The mission of development economics is, fundamentally, to explain why some communities are wealthier than others. This dissertation is a collection of two essays that make progress towards fitting together key pieces of the puzzle. My hope is that the findings will inform, not only researchers, but policymakers working to accelerate economic development.
To that end, the essays make three thematic contributions. First, they leverage data and experiments from the Middle East and North Africa (MENA). While MENA’s relevance to global markets is self-evident, to date economists have paid it less attention than other low- and middle-income regions. Second, the results advance the economic geography of development by exploring trade and forced migration. Third, the results advance the political economy of development by exploring corruption and the victims of conflict. These geographic and political factors are among the most important drivers of structural transformation, productivity growth, and poverty reduction.
In Chapter 1, joint with Nate Grubman and Jawaher Mbarek, I investigate corruption dynamics in international trade. Every year emerging markets import goods valued at more than $7 trillion, and in many countries shipments have to pass through corrupt customs administrations. Given these high stakes, policymakers require a deep understanding of both the causes and the effects of customs fraud. In addition, trade corruption can serve as a laboratory to study corruption writ large. One previously unexplored complexity is that bribe payers and bribe receivers often have repeated interactions. Given corruption’s characteristic counterparty risks and information asymmetries (not to mention the impossibility of contract enforcement), these long-running relationships likely matter for a wide variety of outcomes across a wide variety of contexts.
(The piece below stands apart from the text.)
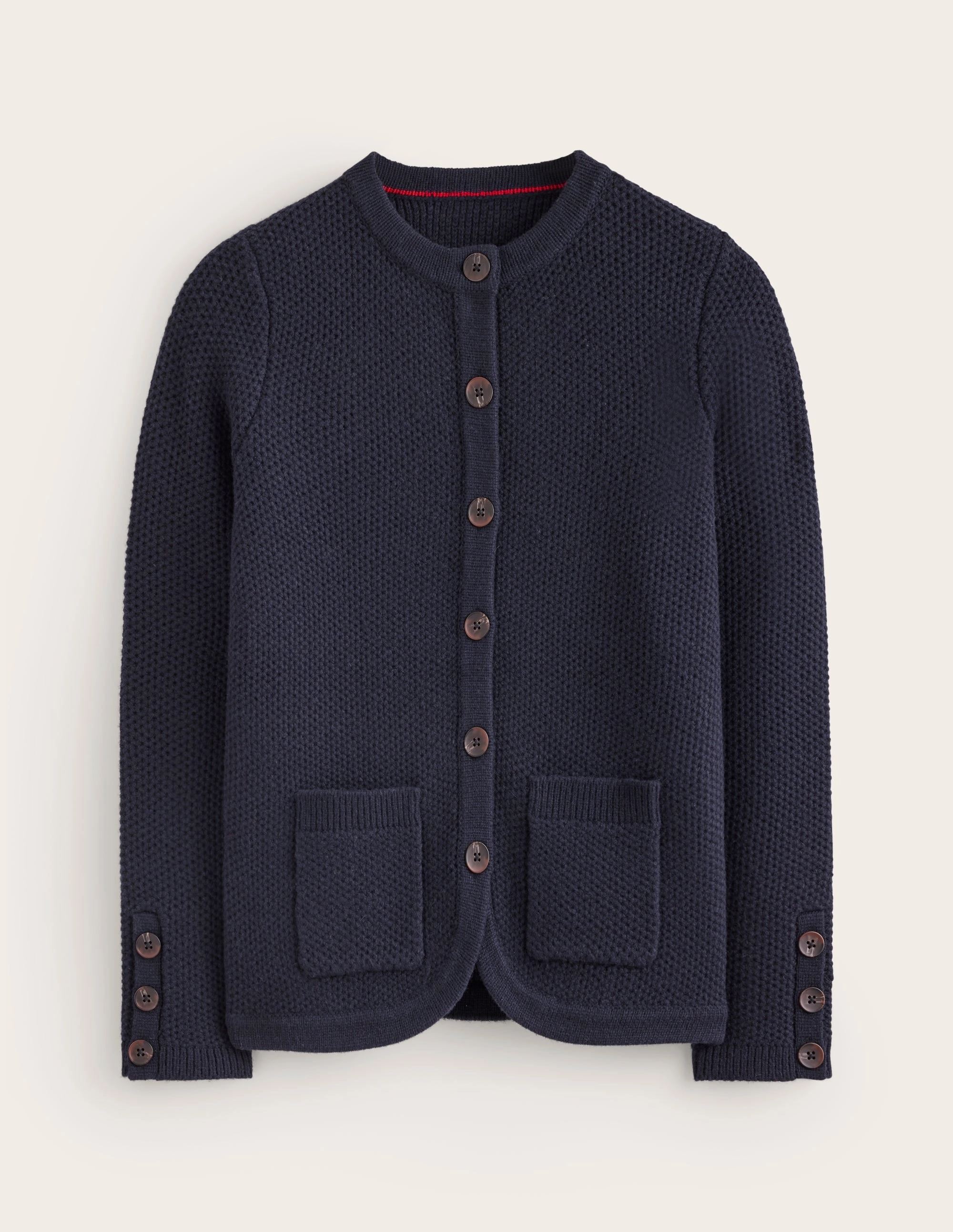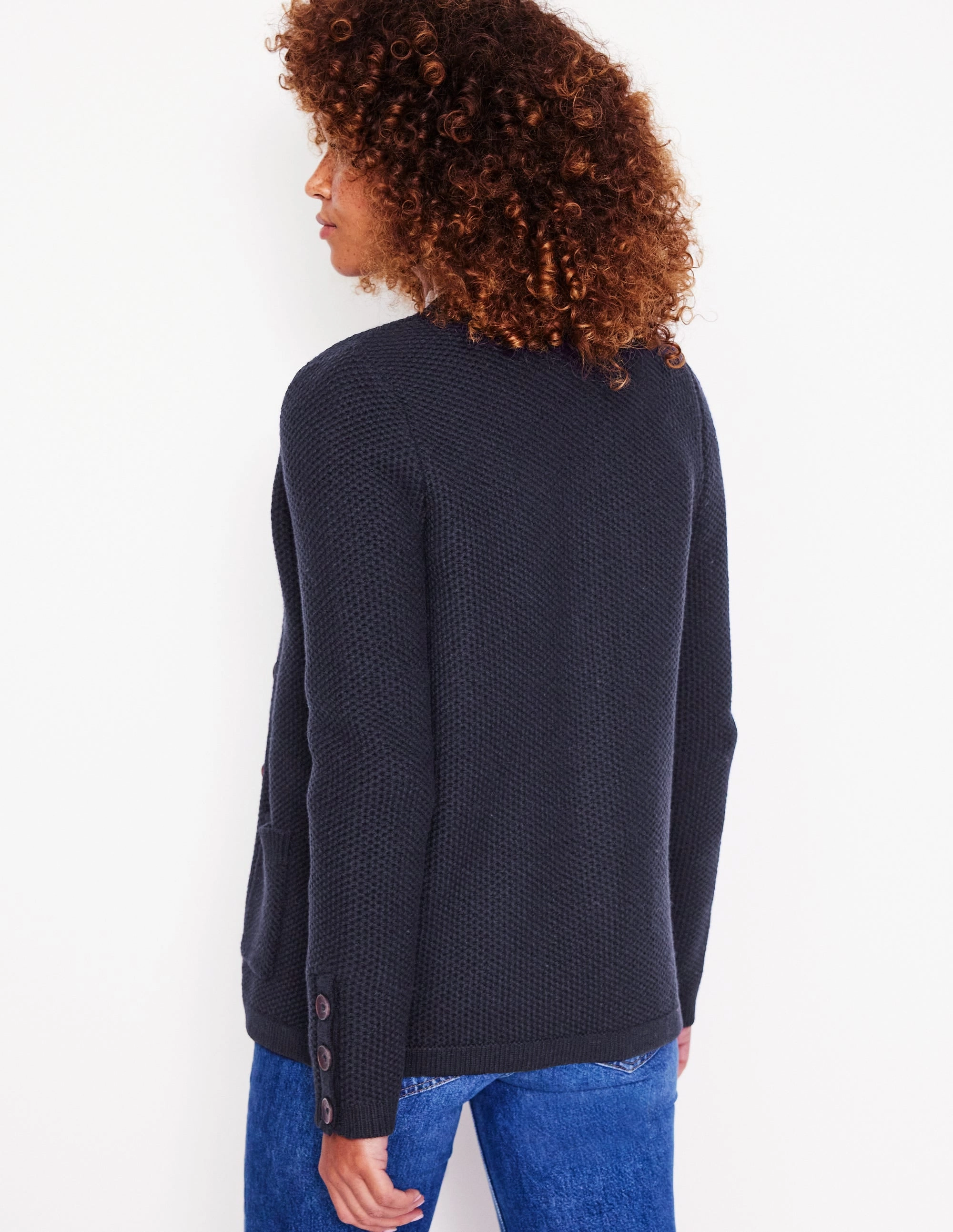 For those times when the weather app says it could be a jacket or cardi day, reach for this textured knit. The fitted style is your go-to when you need to look a little smart-ish.Nonconstricting Vneck accommodates layered necklines

To pursue these general learning objectives, we overcome the data and identification challenges inherent to investigating bribery: we build an original dataset on Tunisian customs transactions using an audit study to directly observe bribes, and we leverage a natural experiment in which a computer algorithm randomly assigns customs officials to import shipments. There are three sets of results. First, we show that bribery and tax evasion are widespread, that bribery is collusive (not coercive), and that age (but not gender) predicts officials’ corruptibility. Second, in line with a straightforward Nash Bargaining model, we show that the length of official/trader relationships increases tax evasion but decreases bribe amounts. Third, we zoom out to consider the larger macroeconomic implications and show that, in terms of lost tax revenue, bribery costs the Tunisian government 0.7% of GDP or $80 per citizen.
In Chapter 2, joint with Edward Miguel, Sandra V. Rozo, Emma Smith, and Sarah Stillman, I investigate affordable housing for forced migrants. There are 82 million forced migrants in the world today, and the vast majority reside in “host communities:” they live, work, and attend school in the same neighborhoods as the citizens of their host country. As both a cause and an effect of this arrangement, many governments, IGOs, and NGOs support these refugees’ shelter through either direct provision or rental assistance. However, the evidence on the welfare implications of housing subsidies is inconclusive for refugees in particular and for high-poverty populations in general. On the one hand, studies have shown that shelter assistance has the potential to provide, not just a roof overhead, but a number of downstream benefits. On the other hand, some studies have found null or even negative results, and it is often unclear whether the positive results are due to direct housing-quality effects or indirect neighborhood effects.
To fill this knowledge gap, we ran a randomized controlled trial (RCT) testing a program that provides housing support to Jordan’s Syrian refugees. The subsidies are large (approximately $190 per month) and are not vouchers; households can only use them for their current housing, allowing us to be among the first to identify housing-quality effects absent confounding neighborhood effects. There are three sets of results. First, we estimate the positive impacts of the program. Recipients experience improvements in their living situations, as well as better education and credit-market outcomes. Second, we observe that, while the program does not cause movement of households, it does cause movement between households. Recipients welcome new individuals into their homes, likely so that family, friends, and neighbors can take advantage of the upgraded housing. Third, we estimate the negative impacts of the program and argue that these unintended consequences likely follow from the endogenous household formation. For example, recipients are less food secure, consistent with having more mouths to feed.
Together, these studies have generalizable, actionable insights. Knowing that dynamics matter for corruption can help reform-minded governments decide which levers to pull as they attempt to enhance transparency. And the large economic cost of trade corruption implies a high return on investment for the governments that succeed. Our RCT reveals both the upside potential and the downside risk of large-scale affordable-housing interventions. By refining their design, implementation, and cost-effectiveness, policymakers could improve these programs and the lives of the vulnerable communities they serve.